On “The Cruel Sea” during WWII
Sailors who sailed on Allied corvette ships on the Atlantic Ocean during WWII had an interesting experience of war. Their days were filled with repetitive strain. Escort runs accompanying Allied convoys lasted several week at a time, each day being divided into four hour on-watch and four hour off-watch segments for the crew. The Flower class corvettes were the workhorses of these escort missions, but they were tremendously unstable in heavy seas.

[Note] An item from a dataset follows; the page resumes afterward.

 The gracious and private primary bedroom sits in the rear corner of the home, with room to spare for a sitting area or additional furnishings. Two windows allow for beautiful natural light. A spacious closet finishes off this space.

And in the North Atlantic, the weather more often found the sailors rocking and slamming against ship parts rather than enjoying leisurely calm waters.

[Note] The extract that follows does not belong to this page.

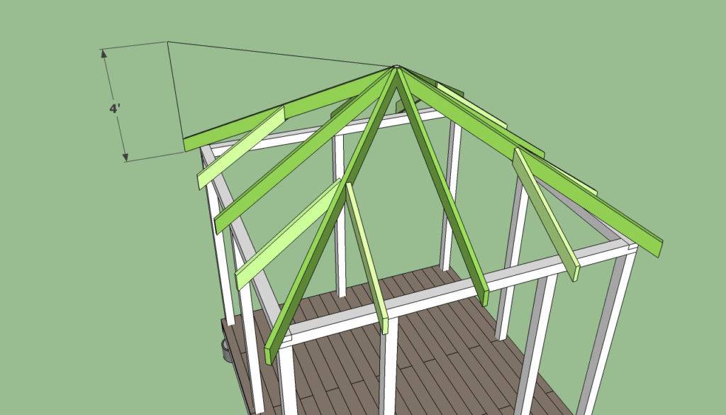 Монтаж крыши беседки из дерева

This routine repeated itself endlessly for many servicemen for up to six years. The nature of the fight against their main enemy — German U-boat submarines — meant that they may only see their enemy face-to-face only a handful of times during the entire war. When the corvettes were alerted to the presence of U-boats, it was more often than not in the form of a merchant ship violently and suddenly exploding in the convoy. Then the rescue of survivors and the hunting of the U-boats would begin.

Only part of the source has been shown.